NIST problems (StRD)

These problems contain real observation of physical processes collected in the NIST web pages (https://www.nist.gov/itl)

dcgpy.generate_chwirut1()

These data are the result of a NIST study involving ultrasonic calibration. The response variable is ultrasonic response, and the predictor variable is metal distance. (see https://www.itl.nist.gov/div898/strd/nls/data/chwirut1.shtml)

A proposed good model for such a problem is:

\[y = \frac{e^{-\beta_1 x}}{\beta_2 + \beta_3 x} + \epsilon\]

Returns: A tuple containing the points (2D NumPy float array) and labels (2D NumPy float array).

Examples:

>>> from dcgpy import *
>>> import matplotlib.pyplot as plt
>>> X, Y = generate_chwirut1()
>>> plt.plot(X,Y, '.')

dcgpy.generate_chwirut2()

These data are the result of a NIST study involving ultrasonic calibration. The response variable is ultrasonic response, and the predictor variable is metal distance. (see https://www.itl.nist.gov/div898/strd/nls/data/chwirut2.shtml)

A proposed good model for such a problem is:

\[y = \frac{e^{-\beta_1 x}}{\beta_2 + \beta_3 x} + \epsilon\]

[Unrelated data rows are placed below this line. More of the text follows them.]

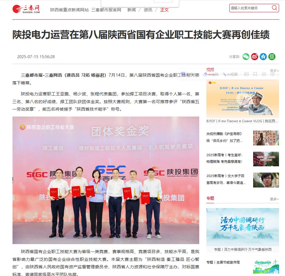 7月14日,第八屆陜西省國有企業職工技能大賽落下帷幕。陜投電力運營職工王亞鵬、楊少波、張程代表集團,參加焊工項目決賽,取得個人第一名、第三名、第八名的好成績,焊工團隊獲團體金獎。按照大賽規則,大賽第一名可推薦參評“陜西省五一勞動獎章”,前五名將被授予“陜西省技術能手”稱號。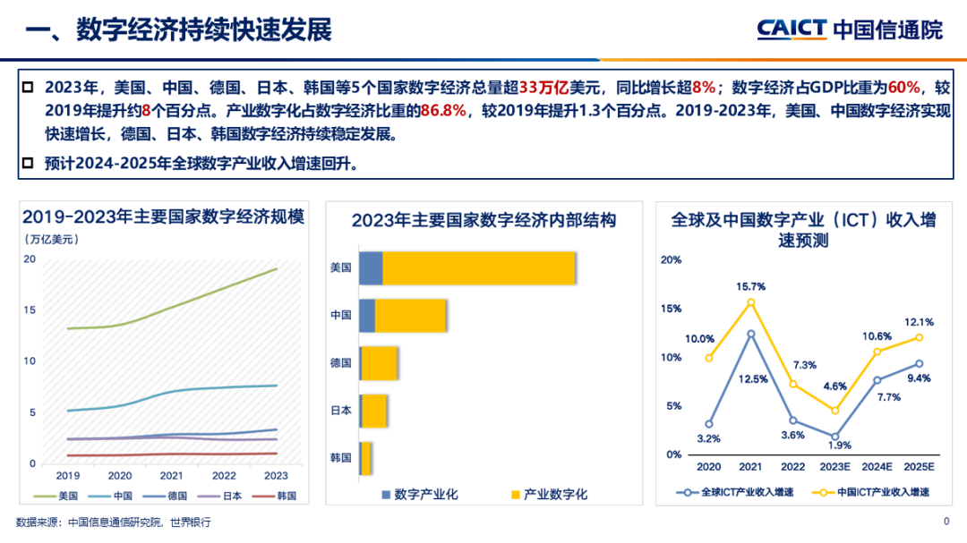 主要國家數(shù)字經(jīng)濟持續(xù)快速發(fā)展。總體看,2023年,美國、中國、德國、日本、韓國等5個國家數(shù)字經(jīng)濟總量超33萬億美元,同比增長超8%;數(shù)字經(jīng)濟占GDP比重為60%,較2019年提升約8個百分點。2019-2023年,德國、日本、韓國數(shù)字經(jīng)濟穩(wěn)定發(fā)展,美國、中國數(shù)字經(jīng)濟實現(xiàn)快速增長。內(nèi)部結構看,產(chǎn)業(yè)數(shù)字化對數(shù)字經(jīng)濟增長的引擎作用持續(xù)發(fā)揮,2023年占數(shù)字經(jīng)濟比重達86.8%,較2019年提升1.3個百分點;預計2024-2025年,全球數(shù)字產(chǎn)業(yè)收入增速回升,穩(wěn)步夯實數(shù)字經(jīng)濟發(fā)展基礎。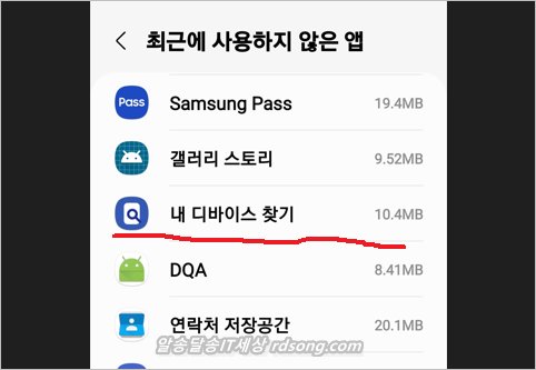 디바이스케어 > 램RAM 터치 > 최근에 사용하지 않는 앱 , 내 디바이스 찾기 올라 옵니다.

with respect to the problem chwirut1, less points are included here.

Returns: A tuple containing the points (2D NumPy float array) and labels (2D NumPy float array).

Examples:

>>> from dcgpy import *
>>> import matplotlib.pyplot as plt
>>> X, Y = generate_chwirut2()
>>> plt.plot(X,Y, '.')

dcgpy.generate_daniel_wood()

These data and model are described in Daniel and Wood (1980), and originally published in E.S.Keeping, “Introduction to Statistical Inference,” Van Nostrand Company, Princeton, NJ, 1962, p. 354. The response variable is energy radieted from a carbon filament lamp per cm**2 per second, and the predictor variable is the absolute temperature of the filament in 1000 degrees Kelvin. (see https://www.itl.nist.gov/div898/strd/nls/data/daniel_wood.shtml)

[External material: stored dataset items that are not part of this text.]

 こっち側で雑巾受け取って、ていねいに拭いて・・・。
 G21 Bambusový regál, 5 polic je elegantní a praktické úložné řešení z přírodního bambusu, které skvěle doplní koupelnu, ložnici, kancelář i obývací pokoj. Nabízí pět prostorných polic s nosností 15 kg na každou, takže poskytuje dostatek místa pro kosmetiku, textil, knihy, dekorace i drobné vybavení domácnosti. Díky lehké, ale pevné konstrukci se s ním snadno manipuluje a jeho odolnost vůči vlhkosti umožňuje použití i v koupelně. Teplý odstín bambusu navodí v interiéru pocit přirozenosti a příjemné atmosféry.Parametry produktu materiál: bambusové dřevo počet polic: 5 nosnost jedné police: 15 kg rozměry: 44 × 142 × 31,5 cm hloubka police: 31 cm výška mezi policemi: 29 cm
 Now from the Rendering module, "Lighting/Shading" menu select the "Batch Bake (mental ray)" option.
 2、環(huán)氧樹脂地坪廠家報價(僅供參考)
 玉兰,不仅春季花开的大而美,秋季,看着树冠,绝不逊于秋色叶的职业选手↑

A proposed good model for such a problem is:

\[y = \beta_1 x^{\beta_2} + \epsilon\]

Returns: A tuple containing the points (2D NumPy float array) and labels (2D NumPy float array).

Examples:

>>> from dcgpy import *
>>> import matplotlib.pyplot as plt
>>> X, Y = generate_daniel_wood()
>>> plt.plot(X,Y, '.')

dcgpy.generate_gauss1()

The data are two well-separated Gaussians on a decaying exponential baseline plus normally distributed zero-mean noise with variance = 6.25. (see https://www.itl.nist.gov/div898/strd/nls/data/gauss1.shtml)

A proposed good model for such a problem is:

\[y = \beta_1 e^{-\beta_2 x} + \beta_3 e^{-\frac{(x-\beta_4)^2}{\beta_5^2}} + \beta_6 e^{-\frac{(x-\beta_7)^2}{\beta_8^2}} + \epsilon\]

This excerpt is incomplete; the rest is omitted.